Step 4: Detect duplicates and subtotals
Flag any account that appears more than once per (canonical_account, line_type) — a likely subtotal re-counted as a detail line. NOI and the section totals are computed from DETAIL lines only; a re-counted subtotal would double a section, so the duplicate flag protects the bridge.
Step 5: Validate and grade
validate_payload recomputes NOI == revenue - operating_expense (below-the-line excluded) and emits noi_includes_below_the_line as a CRITICAL if a capex / debt-service / distribution line leaked into the NOI sections; it reports account-mapping coverage and surfaces the unmapped bucket. grade_ingestion then scores the run on its operating-statement dimensions (period integrity, account-mapping coverage, sign convention, NOI classification, duplicate detection, provenance) as a weakest-link A/B/C letter plus a 0-100 secondary score.
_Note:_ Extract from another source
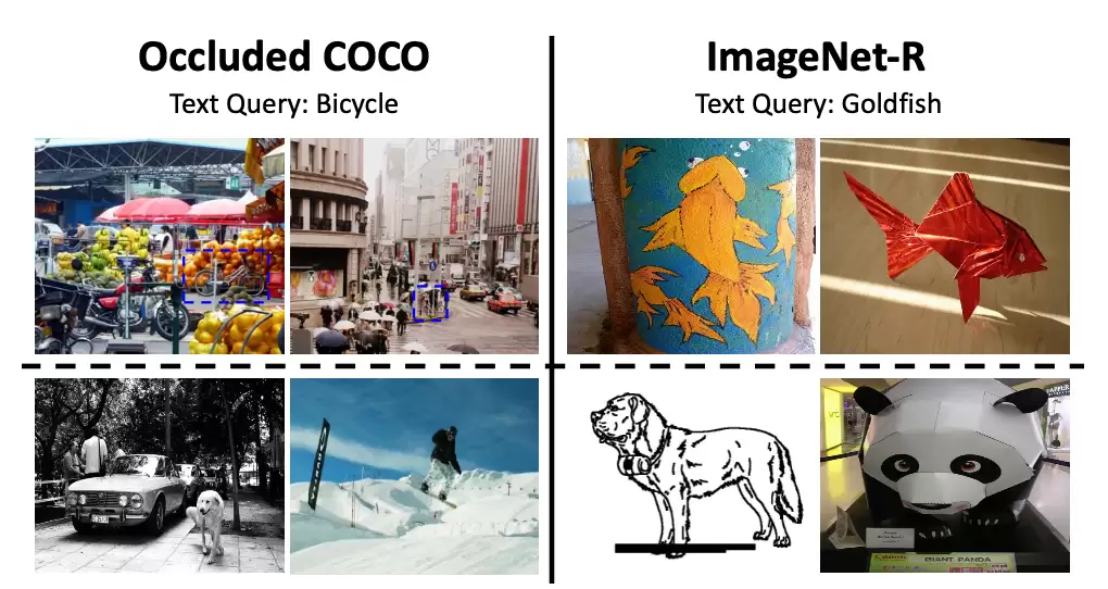 除在COCO、Flickr等标准测试集上进行评估外,研究团队还提出了两个新的分布外测试集:遮挡COCO和ImageNet-R。

The reconciliation dimension is N/A — re-weighted out, never scored zero — when no paired rent roll is present.
Step 6: Hand off
The canonical payload feeds rent-roll-t12-tieout (which uses ONLY the actual line_type for the revenue tie-out) and the target-model emitters (map_to_target_model / emit_sql_ddl / emit_load_plan) for the chosen profile.
Output Format
A canonical operating-statement payload: {doc_type, records (account x period lines), aggregates, periods, issues}. Each records[] line carries account_code, raw_account_name, canonical_account, statement_section, line_type, fiscal_period (YYYY-MM, reusing the monthly-actuals period field), amount (sign-normalized), and the provenance bundle with source_ref in data-room/<doc>#<anchor> form. aggregates carries periods_present, periods_expected, expense_sign_convention, revenue_actual, operating_expense_actual, and noi_actual (all from the actual line_type). Plus: an account-mapping report, a validation report, a data-quality grade (A/B/C + 0-100), and a human-review queue.
Red Flags
- A Total / YTD / annualized column counted as a period or summed into the per-period totals — it must be excluded as an aggregate and reconciled separately, never double-counted.
- A capex, debt-service, or distribution line folded into NOI — below-the-line items must stay out of the revenue-minus-operating-expense computation.
- A bracketed-negative or signed-negative expense column flipping an expense into revenue — detect the sign convention and normalize every amount to one canonical convention first.
- A partial-year or lease-up month multiplied up to a full year — periods present below the expected count is a carried gap, never a synthesized or annualized figure.
- A subtotal line re-counted as a detail line — it inflates its section; flag the duplicate and compute NOI from detail lines only.
- An unmapped account silently dropped or guessed — flag it to the unmapped bucket for a controller to map; never fabricate the mapping and never drop the dollars.
Chain Notes
Upstream (produce the tokens this skill ingests): t12-normalizer (the trailing-twelve reader whose extracted output lands here), document-to-data-room-extractor (typed extraction + the PII boundary this layer mirrors), plus any OCR / PDF-table / LLM-extraction step.
Constrained instance of this root: t12-to-database is a thin preset over this skill — it pins line_type=actual over a trailing-twelve-month window and adds the 12-period integrity check. This skill is the superset; the preset does not duplicate the model, it references it.
Downstream (consume this skill's records): rent-roll-t12-tieout (the revenue tie-out, which reads ONLY the actual line_type), document-to-database (orchestration + target-model emission), and acquisition-underwriting-engine (the recognized-accrual side of the cash-flow spine).